=== The data ===

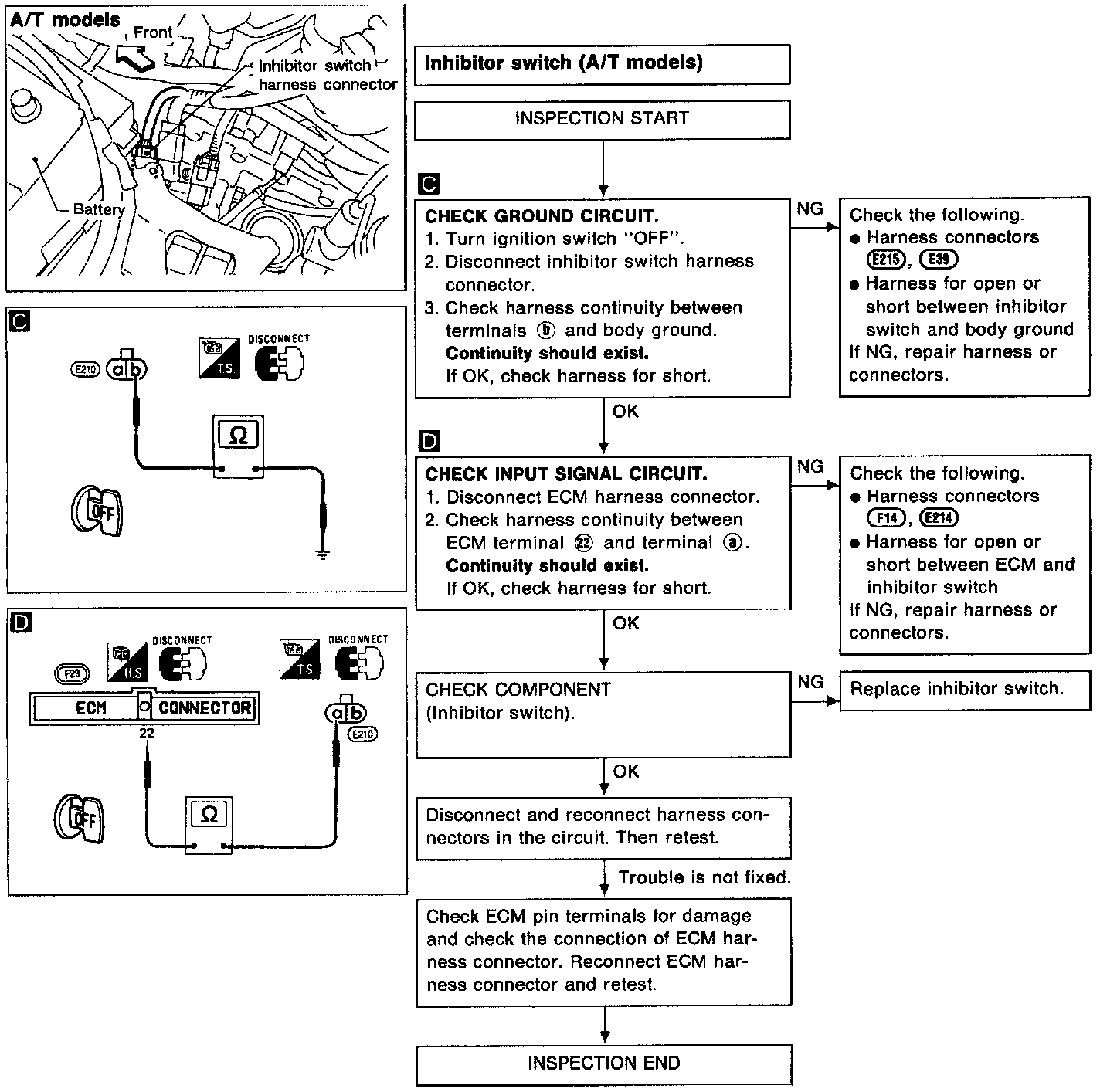 6. If NG on step 4, replace inhibitor switch.
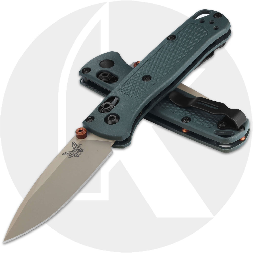 The 533TN-2601 Benchmade Mini Bugout is a scaled down version of the fiendishly popular Bugout EDC that features a 2.82-inch drop point blade made of Elmax stainless steel, .09-inch thick, with a Rockwell hardness of 58-60. The blade has a tan cerakote finish, a top swedge to lessen weight and dual burnt copper anodized thumb studs for ambidextrous one hand opening. The slim Taiga Green Grivory handle, 3.70-inches closed, has checkered texturing for secure grip, sturdy AXIS Lock, a lanyard hole and a side to side reversible deep carry mini clip mounted at the butt end. The Benchmade Mini Bugout has an overall open length of 6.49-inches, and it weighs 1.5 ounces. Proudly made in the USA.
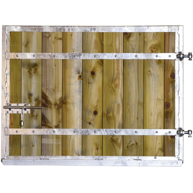 Pose sans huisserie : prévoir 1 gâche pour verrou d'écurie (P1235704) et 1 paire de gonds (P1235701 ou P1235702).
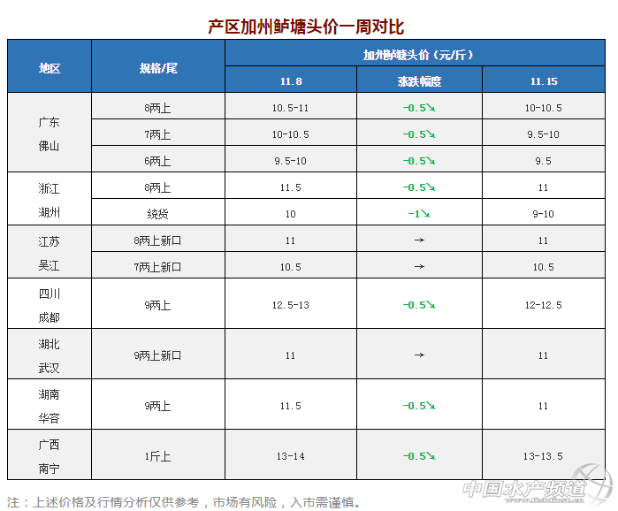 中國水產頻道原創報道, 養好魚,更要賣好魚! 加州鱸行情周報 《鱖鱸前沿》與您相約每周四 文/圖 水產前沿 李曉欣 廣東佛山 本周佛山各規格加州鱸新魚下跌了0.5元/斤,今天6兩上報價9.5元/斤,7兩上9.5-10元/斤,8兩上10-10.5元/斤,實際成交價看魚頭大小及8兩上比例。由于魚價較為低迷,養戶出魚意愿不高,部分養戶擔心魚超標,多選擇出大規格魚來提高產量和效益。現在市場上大魚比例有所增大,吸引外省流通商到本地拉魚增多,預計短期內魚價以持穩為主。 浙江湖州 本周湖州魚價有所下滑,8兩上今天報價11元/斤左右,相比8日11.5元/斤下跌了0.5元/斤;統貨今天報價9-10元/斤左右,比8日10元/斤下跌了1元/斤。現在湖州新口鱸魚上市量大,但因廣東魚價相對便宜,當地流通商南下收魚較多,對本地魚價有所影響,預計短期內魚價維持目前價位。 江蘇吳江 本周吳江新口魚價一周持穩,今天7兩上報價10.5元/斤,8兩上11.5元/斤,市場以出8兩上規格為主。目前魚價基本上已經達到臨界點,養殖戶觀望心理增強,部分魚車到廣東收魚。 四川成都 成都今天9兩上報價12-12.5元/斤,相比上周12.5-13元/斤下跌了0.5元/斤。受外地魚沖擊市場影響,成都魚價有所下滑,目前價格未達養戶心理價位,總體出魚積極性不高。 湖北武漢 本周武漢9兩上加州鱸價格維持在11元/斤左右,目前的價位養戶出魚意愿不高,市場上以廣東魚為主。有部分養戶擔心魚超標而挑頭魚出魚,但總體出魚量不大。 湖南華容 本周華容9兩上加州鱸下滑了0.5元/斤,今天9兩上報價11元/斤左右。受廣東和江蘇新魚上市增多影響,近期華容本地魚銷量上不去,部分養戶在排隊出魚,魚價有所回落。 廣西南寧 廣西南寧加州鱸13-14元/斤的價格持穩了半個多月,在本周出現下滑,今天1斤上報價13-13.5元/斤。現在南寧本地魚達上市規格的還比較少,當地流通商多到廣東拉魚,市場上以廣東魚為主,本地出魚量不大。 |
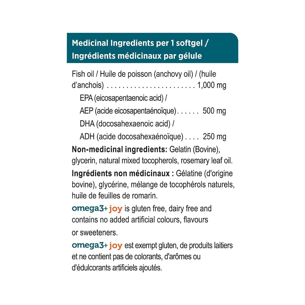 Genuine Health Omega3+ JOY is a premium fish oil supplement designed to support mood balance, cardiovascular health, immune function, and overall wellness. Expertly formulated with clinically proven DHA and EPA, this supplement helps promote positive mood and stress management. Made from wild-caught, sustainably sourced fish, Omega3+ JOY is gluten-free, non-GMO, and triple-cleaned to ensure freshness and a clean, fish-free taste.
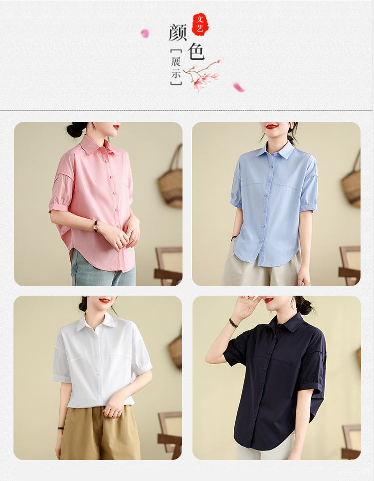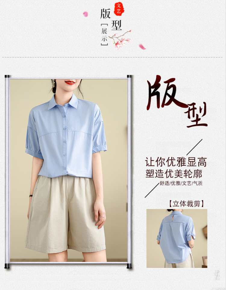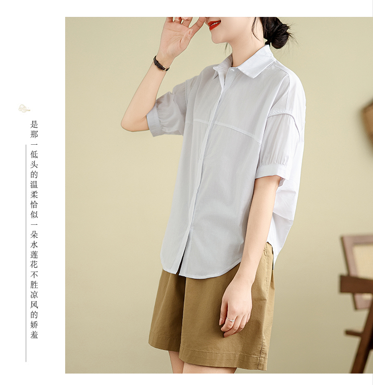 PF4553#夏装新款大码女装纯棉短袖衬衫防晒衣宽松休闲衬衣五分袖上衣女裝批發 服裝批發 服裝貨源
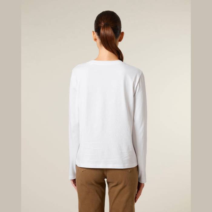Női hosszú ujjú póló 100% organikus pamutból készült, kényelmes és kiváló emblémázási lehetőséget biztosít. Ideális választás hűvösebb időjárásra, minden korosztály és testalkat számára.
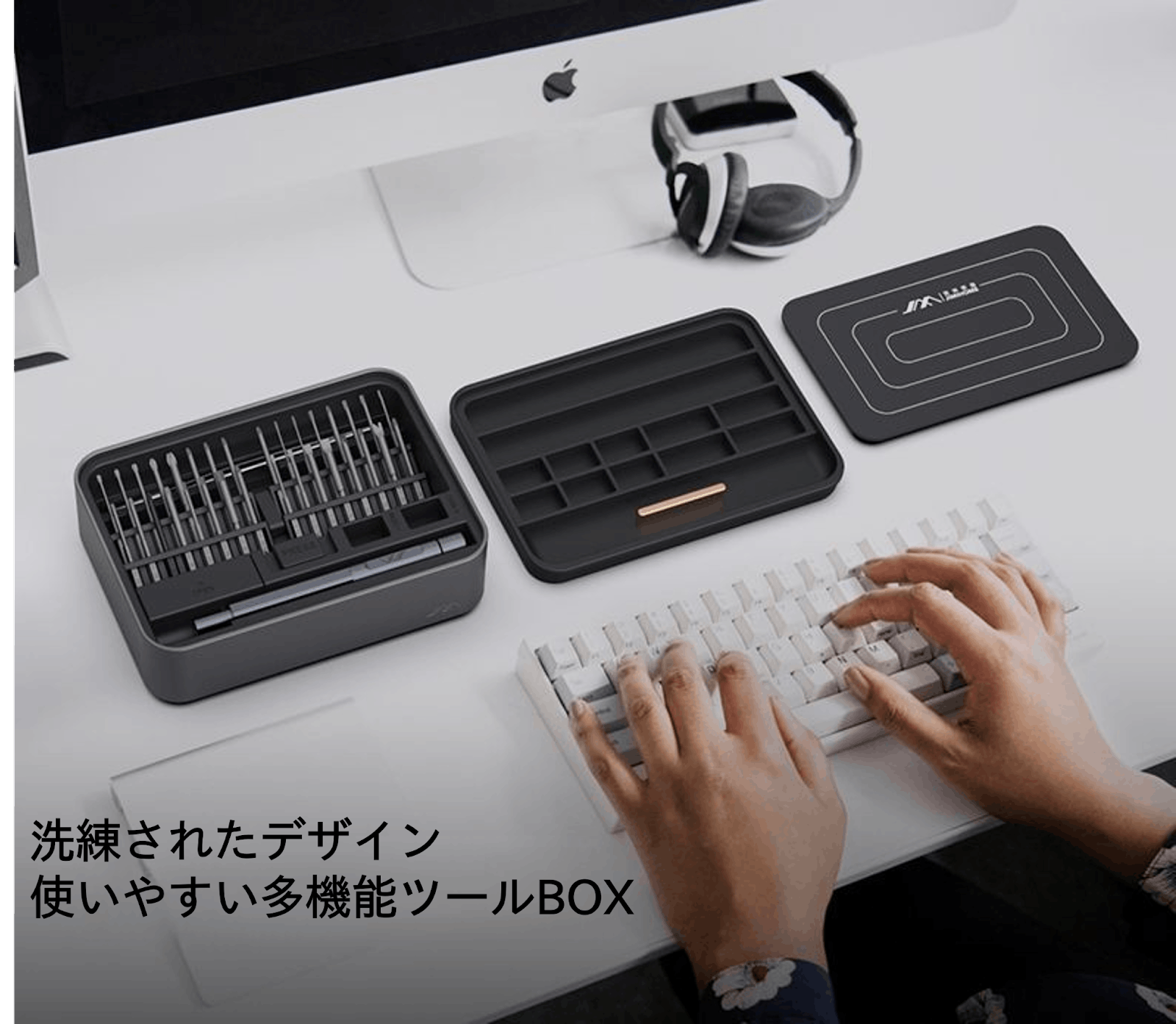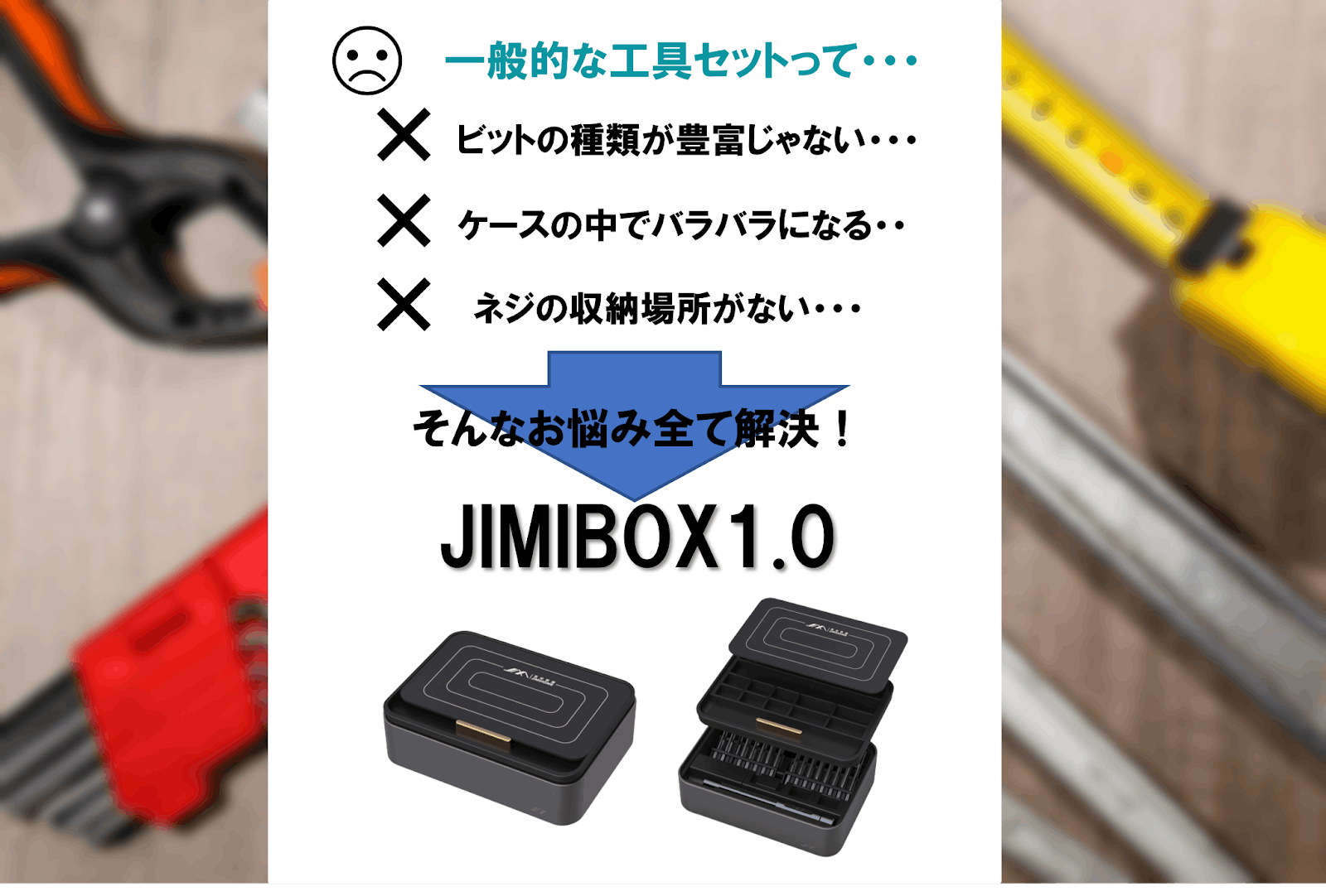 美しくコンパクトなプロダクトデザインはそのままに、ビットやネジ収納ケースを追加し、据え置き型に進化した工具セット、”JIMIBOX 1.0”をご紹介させて頂きます!!
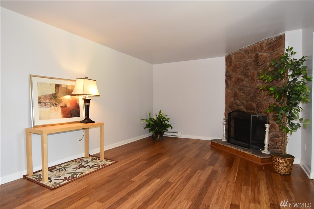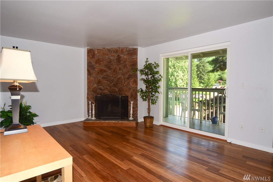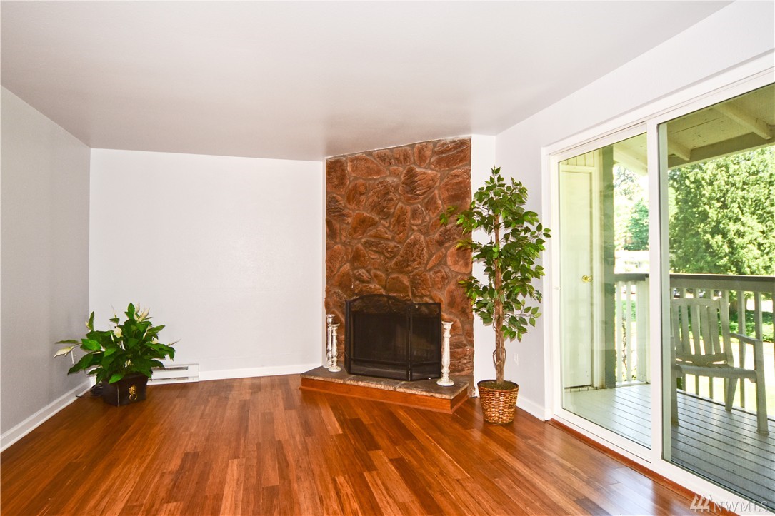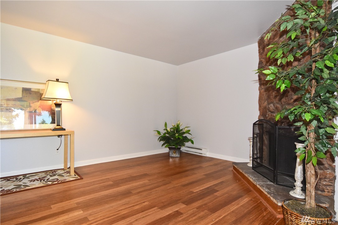 Move-in ready, cute & updated 2bed condo available at center of Federal Way! Top floor, Tile entry, view of community yard, Fresh paint, Hdwd flr through out, updated bathrm w/tile flr, Master has walk-in closet, Living rm w/a cozy fireplace(surrounding deco larva stone up to ceiling), Kitchen w/accent granite countertop, Dining rm, slider to deck & storage, All appliances stay, W/D in unit. Outdoor pool, club house & athletic court. Close to Hway, shopping, park & community centers. Must see!
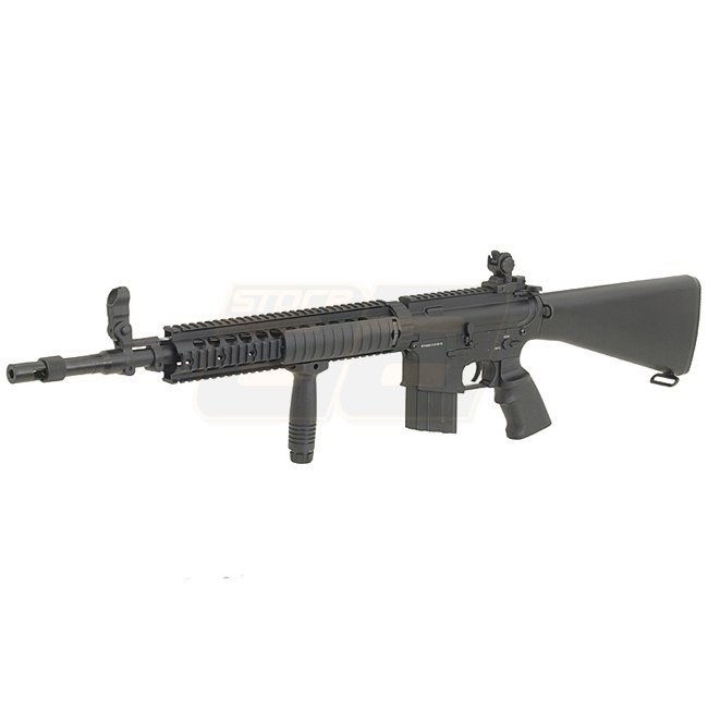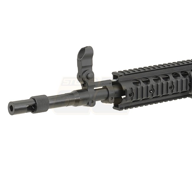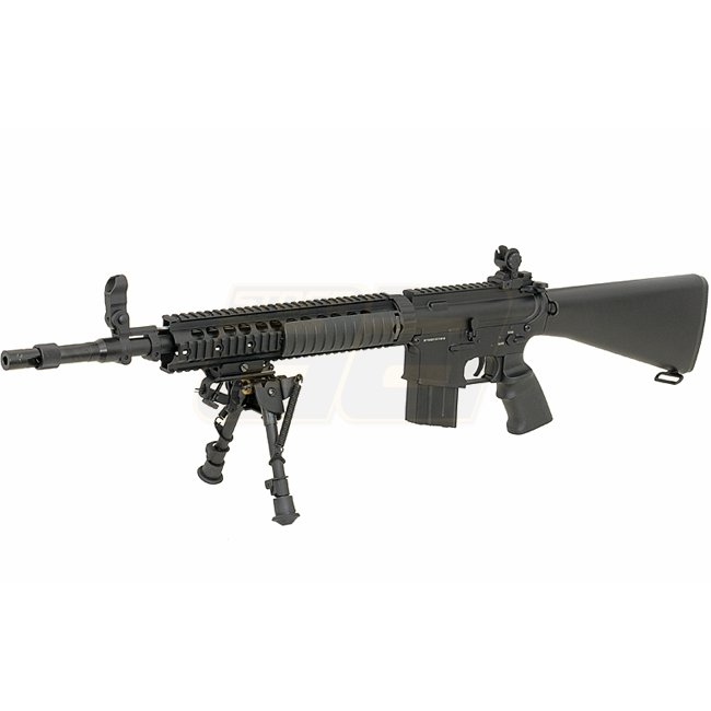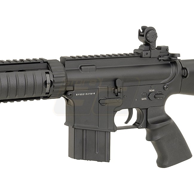 Cet AEG DBoys SPR Mk12 Mod 1 est équipé d'un boîtier en métal, d'un moteur de type long et d'un hop-up réglable. Il a une capacité de chargeur de 200 billes et tire à une vitesse de 400-420 FPS. Idéal pour les modes de tir Semi-Auto et Full Auto.

===

### Exercise objective
Retype the entries verbatim and drop the pictures.

### Output for this task
 6. If NG on step 4, replace inhibitor switch.
 The 533TN-2601 Benchmade Mini Bugout is a scaled down version of the fiendishly popular Bugout EDC that features a 2.82-inch drop point blade made of Elmax stainless steel, .09-inch thick, with a Rockwell hardness of 58-60. The blade has a tan cerakote finish, a top swedge to lessen weight and dual burnt copper anodized thumb studs for ambidextrous one hand opening. The slim Taiga Green Grivory handle, 3.70-inches closed, has checkered texturing for secure grip, sturdy AXIS Lock, a lanyard hole and a side to side reversible deep carry mini clip mounted at the butt end. The Benchmade Mini Bugout has an overall open length of 6.49-inches, and it weighs 1.5 ounces. Proudly made in the USA.
 Pose sans huisserie : prévoir 1 gâche pour verrou d'écurie (P1235704) et 1 paire de gonds (P1235701 ou P1235702).
 中國水產頻道原創報道, 養好魚,更要賣好魚! 加州鱸行情周報 《鱖鱸前沿》與您相約每周四 文/圖 水產前沿 李曉欣 廣東佛山 本周佛山各規格加州鱸新魚下跌了0.5元/斤,今天6兩上報價9.5元/斤,7兩上9.5-10元/斤,8兩上10-10.5元/斤,實際成交價看魚頭大小及8兩上比例。由于魚價較為低迷,養戶出魚意愿不高,部分養戶擔心魚超標,多選擇出大規格魚來提高產量和效益。現在市場上大魚比例有所增大,吸引外省流通商到本地拉魚增多,預計短期內魚價以持穩為主。 浙江湖州 本周湖州魚價有所下滑,8兩上今天報價11元/斤左右,相比8日11.5元/斤下跌了0.5元/斤;統貨今天報價9-10元/斤左右,比8日10元/斤下跌了1元/斤。現在湖州新口鱸魚上市量大,但因廣東魚價相對便宜,當地流通商南下收魚較多,對本地魚價有所影響,預計短期內魚價維持目前價位。 江蘇吳江 本周吳江新口魚價一周持穩,今天7兩上報價10.5元/斤,8兩上11.5元/斤,市場以出8兩上規格為主。目前魚價基本上已經達到臨界點,養殖戶觀望心理增強,部分魚車到廣東收魚。 四川成都 成都今天9兩上報價12-12.5元/斤,相比上周12.5-13元/斤下跌了0.5元/斤。受外地魚沖擊市場影響,成都魚價有所下滑,目前價格未達養戶心理價位,總體出魚積極性不高。 湖北武漢 本周武漢9兩上加州鱸價格維持在11元/斤左右,目前的價位養戶出魚意愿不高,市場上以廣東魚為主。有部分養戶擔心魚超標而挑頭魚出魚,但總體出魚量不大。 湖南華容 本周華容9兩上加州鱸下滑了0.5元/斤,今天9兩上報價11元/斤左右。受廣東和江蘇新魚上市增多影響,近期華容本地魚銷量上不去,部分養戶在排隊出魚,魚價有所回落。 廣西南寧 廣西南寧加州鱸13-14元/斤的價格持穩了半個多月,在本周出現下滑,今天1斤上報價13-13.5元/斤。現在南寧本地魚達上市規格的還比較少,當地流通商多到廣東拉魚,市場上以廣東魚為主,本地出魚量不大。 |
 Genuine Health Omega3+ JOY is a premium fish oil supplement designed to support mood balance, cardiovascular health, immune function, and overall wellness. Expertly formulated with clinically proven DHA and EPA, this supplement helps promote positive mood and stress management. Made from wild-caught, sustainably sourced fish, Omega3+ JOY is gluten-free, non-GMO, and triple-cleaned to ensure freshness and a clean, fish-free taste.
 PF4553#夏装新款大码女装纯棉短袖衬衫防晒衣宽松休闲衬衣五分袖上衣女裝批發 服裝批發 服裝貨源
Női hosszú ujjú póló 100% organikus pamutból készült, kényelmes és kiváló emblémázási lehetőséget biztosít. Ideális választás hűvösebb időjárásra, minden korosztály és testalkat számára.
 美しくコンパクトなプロダクトデザインはそのままに、ビットやネジ収納ケースを追加し、据え置き型に進化した工具セット、”JIMIBOX 1.0”をご紹介させて頂きます!!
 Move-in ready, cute & updated 2bed condo available at center of Federal Way! Top floor, Tile entry, view of community yard, Fresh paint, Hdwd flr through out, updated bathrm w/tile flr, Master has walk-in closet, Living rm w/a cozy fireplace(surrounding deco larva stone up to ceiling), Kitchen w/accent granite countertop, Dining rm, slider to deck & storage, All appliances stay, W/D in unit. Outdoor pool, club house & athletic court. Close to Hway, shopping, park & community centers. Must see!
 Cet AEG DBoys SPR Mk12 Mod 1 est équipé d'un boîtier en métal, d'un moteur de type long et d'un hop-up réglable. Il a une capacité de chargeur de 200 billes et tire à une vitesse de 400-420 FPS. Idéal pour les modes de tir Semi-Auto et Full Auto.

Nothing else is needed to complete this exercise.